■ **Task item**
The listing below holds pictures; exclude them. Return exactly the lines from the one with "次の図のように、1辺が5㎝の" through the one with "谢肖珍老人在旧金山市中心区域".

*** Opening of Data for processing ***

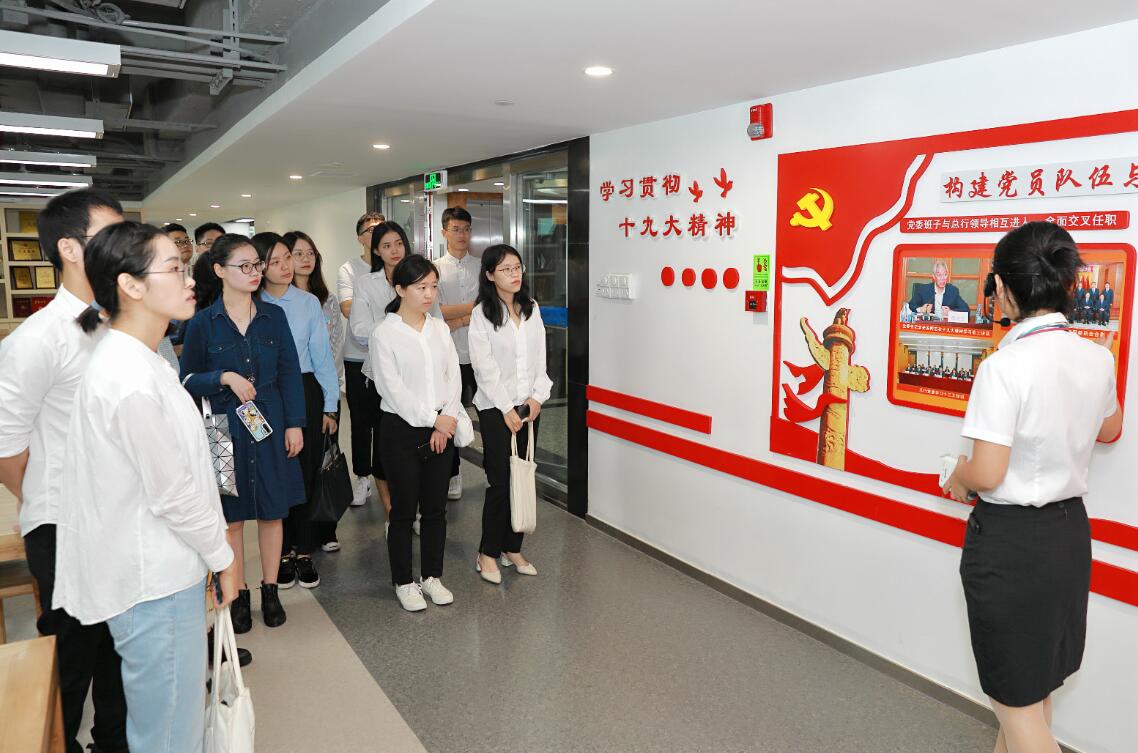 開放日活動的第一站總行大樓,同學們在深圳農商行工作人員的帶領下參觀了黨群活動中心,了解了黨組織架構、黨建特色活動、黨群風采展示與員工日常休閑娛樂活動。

*** Close of Data for processing ***
*** Opening of Data for processing ***

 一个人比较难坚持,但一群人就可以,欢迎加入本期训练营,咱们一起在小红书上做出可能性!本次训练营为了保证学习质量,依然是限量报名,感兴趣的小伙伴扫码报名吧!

*** Close of Data for processing ***
*** Opening of Data for processing ***

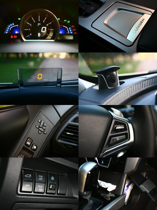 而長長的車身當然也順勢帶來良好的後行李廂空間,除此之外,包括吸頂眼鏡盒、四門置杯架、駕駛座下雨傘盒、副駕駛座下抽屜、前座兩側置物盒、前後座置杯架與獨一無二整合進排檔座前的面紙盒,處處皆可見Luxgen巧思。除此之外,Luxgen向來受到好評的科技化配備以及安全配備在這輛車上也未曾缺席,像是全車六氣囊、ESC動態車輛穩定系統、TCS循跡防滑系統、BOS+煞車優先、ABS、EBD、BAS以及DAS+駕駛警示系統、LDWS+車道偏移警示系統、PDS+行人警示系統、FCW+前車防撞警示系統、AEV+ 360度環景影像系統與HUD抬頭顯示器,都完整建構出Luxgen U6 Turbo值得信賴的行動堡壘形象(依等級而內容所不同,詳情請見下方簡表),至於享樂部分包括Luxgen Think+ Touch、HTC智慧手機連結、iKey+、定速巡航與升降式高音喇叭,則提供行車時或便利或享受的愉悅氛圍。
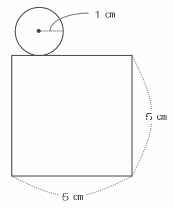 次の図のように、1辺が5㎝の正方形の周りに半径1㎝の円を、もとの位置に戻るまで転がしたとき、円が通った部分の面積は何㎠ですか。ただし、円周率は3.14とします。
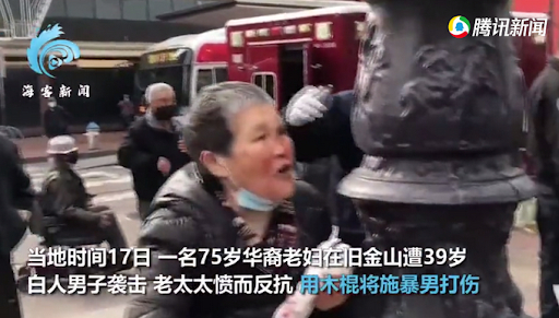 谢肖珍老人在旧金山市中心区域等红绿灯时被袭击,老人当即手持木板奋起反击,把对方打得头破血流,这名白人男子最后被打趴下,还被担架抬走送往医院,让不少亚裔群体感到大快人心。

*** Close of Data for processing ***

■ **Solution to the problem**
 次の図のように、1辺が5㎝の正方形の周りに半径1㎝の円を、もとの位置に戻るまで転がしたとき、円が通った部分の面積は何㎠ですか。ただし、円周率は3.14とします。
 谢肖珍老人在旧金山市中心区域等红绿灯时被袭击,老人当即手持木板奋起反击,把对方打得头破血流,这名白人男子最后被打趴下,还被担架抬走送往医院,让不少亚裔群体感到大快人心。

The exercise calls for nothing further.